The further research questions at the end of chapter 7 includes one where you are to use the fastai documentation to build a function that crops an image to a square in each of the four corners, then implement a TTA method that averages the predictions on a center crop and those four crops.
I’ve built the function to get the crops (below) but I’m stuck at implementing the TTA method. How do I get to change the already defined transforms in the datablock to use my TTA function? I thinking of defining the function as a transform but the problem is the output is 5 different crops of the image instead of one for the normal image augmentation transforms.
Thanks @kofi for posting your solution. I finally was able to implement tta based on your solution.

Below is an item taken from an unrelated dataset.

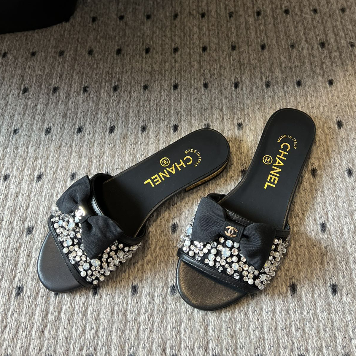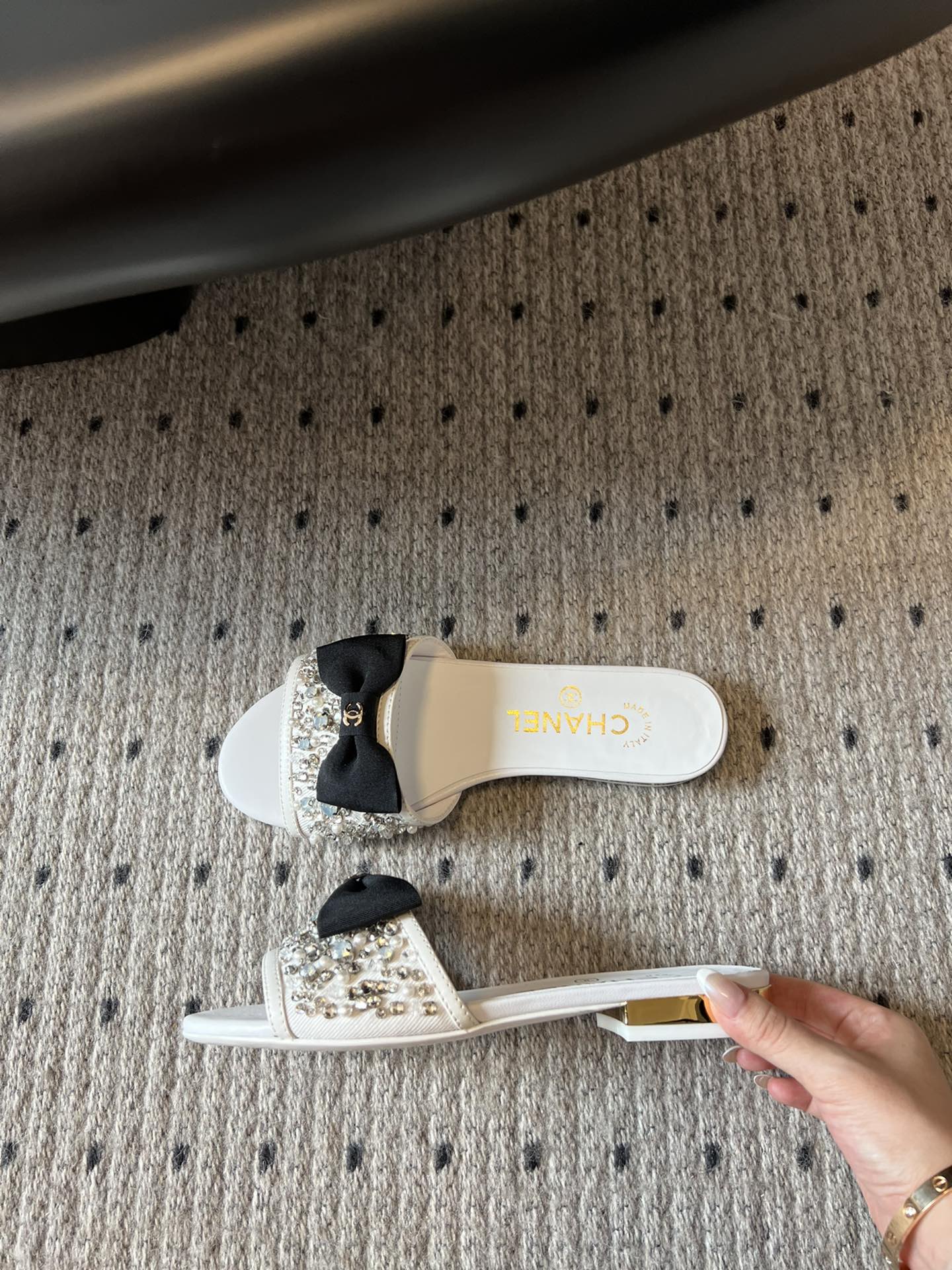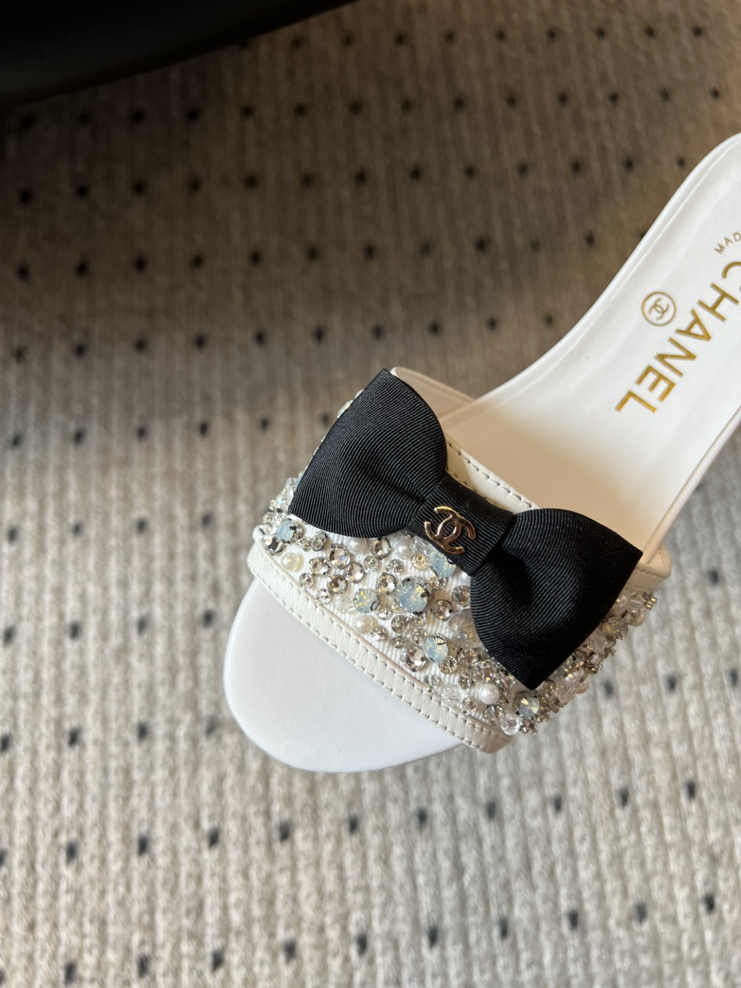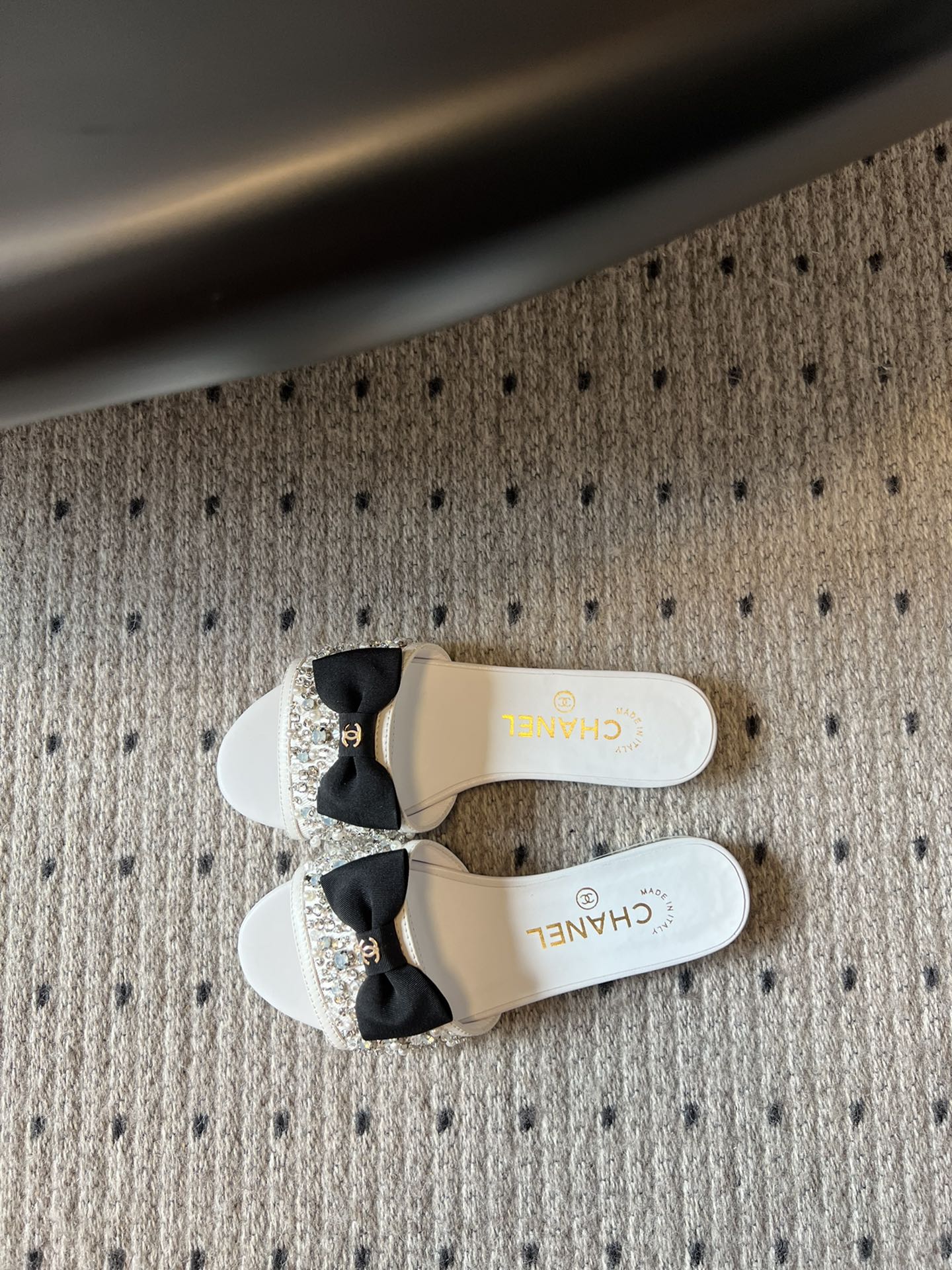 NIGO Chanel Women's Summer Bow Pearl Embellished Leather Sandals Slippers Shoes #nigo72352

But I am curios: how can I make use of the shipped augmentation transforms while using the tta method? You can provide item_tfms and batch_tfms. But I get the error “batch must contain tensors, numpy arrays, numbers, dicts or lists; found <class ‘fastai.vision.core.PILImage’>” when I run the following code.
Thanks a lot @muellerzr. I was able to add RandomResizedCrop based on your help. But now I have some issues using the Zoom transform. Can you give me a hint, on how you would try to find the root cause?
You can see the full code here (and the error in the last cell)
It seems like, that
the images still have the same size, so Zoom(size=224,…) didn’t do the trick
Zoom is somehow creating a fifth dimension ( grid with sizes [3, 224, 224, 2])
Zoom is listed under Affine and coord tfm on the GPU, is it not possible to use it in item_tfms then? I’d like to use it there, because I believe I would get most of this TTA approach that way (even a larger RandomResizedCrop in item_tfms would cut away some information).